Source:
https://scmp.com/lifestyle/books/article/1656260/book-review-getting-colder-amanda-coe
Lifestyle

Book review: Getting Colder, by Amanda Coe

Getting Colder
by Amanda Coe
Virago

In Amanda Coe's second novel, a woman dies of cancer and her relatives gather for the funeral.

Sarah had abandoned her first husband and two children in 1979 for Patrick, once a famous playwright and now a needy drunk. She was 30 years old, daughter Louise was 10 and son Nigel was 13.

Coe has written a shrewd yet sympathetic account of what happens when erotic love trumps the maternal, and a mother leaves home. If Coe were less skilful, the contrast between Louise and Nigel might appear crude. Louise, brought up by her mum's sister, Auntie B, after her dad remarried and also rejected them, is a single, unemployed, fat, working-class mum of two teens.

Nigel, sent to boarding school with Patrick's money and then to Oxford, is a rich solicitor, married to a woman who looks like a catalogue model, whose lack of sympathy for his younger sibling is edged with disgust.

Not that Nigel has escaped the damage wreaked by his parents' desertion; in his case it has been internalised in symptoms and allergies including hay fever, sciatica and crippling indigestion.
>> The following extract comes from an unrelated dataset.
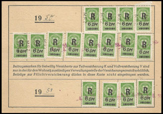 mit Wertmarken 6,- DM Aufdruck R = Teilversicherung |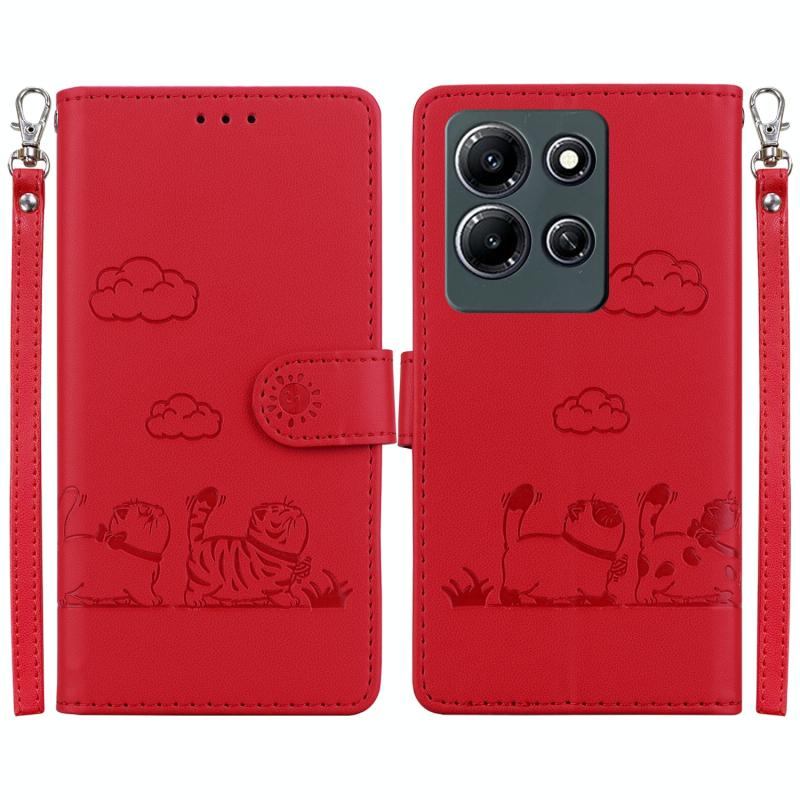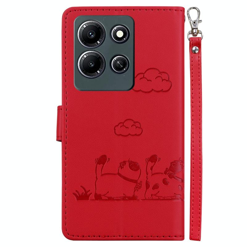 For Infinix Note 30i Cute Cats RFID Leather Phone Case(Red)

Thrown together in Patrick's crumbling Cornish hideaway, where Louise has never been before but now plans an extended stay because her daughter, Holly, has fallen victim to a sexual predator up north, she and Nigel face the consequences of suddenly losing their mother for the second time.

In a series of flashbacks to their childhood, Coe lays out for us, in the detail of two awful visits, Louise's overwhelming sense of loss, "the smell of Mum she hadn't smelled for months and the shape she'd left behind like a cut-out", more painful by far than Patrick's vileness. In between the chapters are Patrick's love letters to Sarah, filled with sexy blandishments and ardour.

The character-driven novel is crisply plotted and filled with pleasurably sharp observations. Coe turns a winning phrase, such as when Nigel and his wife's sobbing son interrupts their lovemaking and they freeze "in position like escaping PoWs in a war film".

As a follow-up to her chilling 2011 debut What They Do in the Dark, Coe's new novel succeeds with style.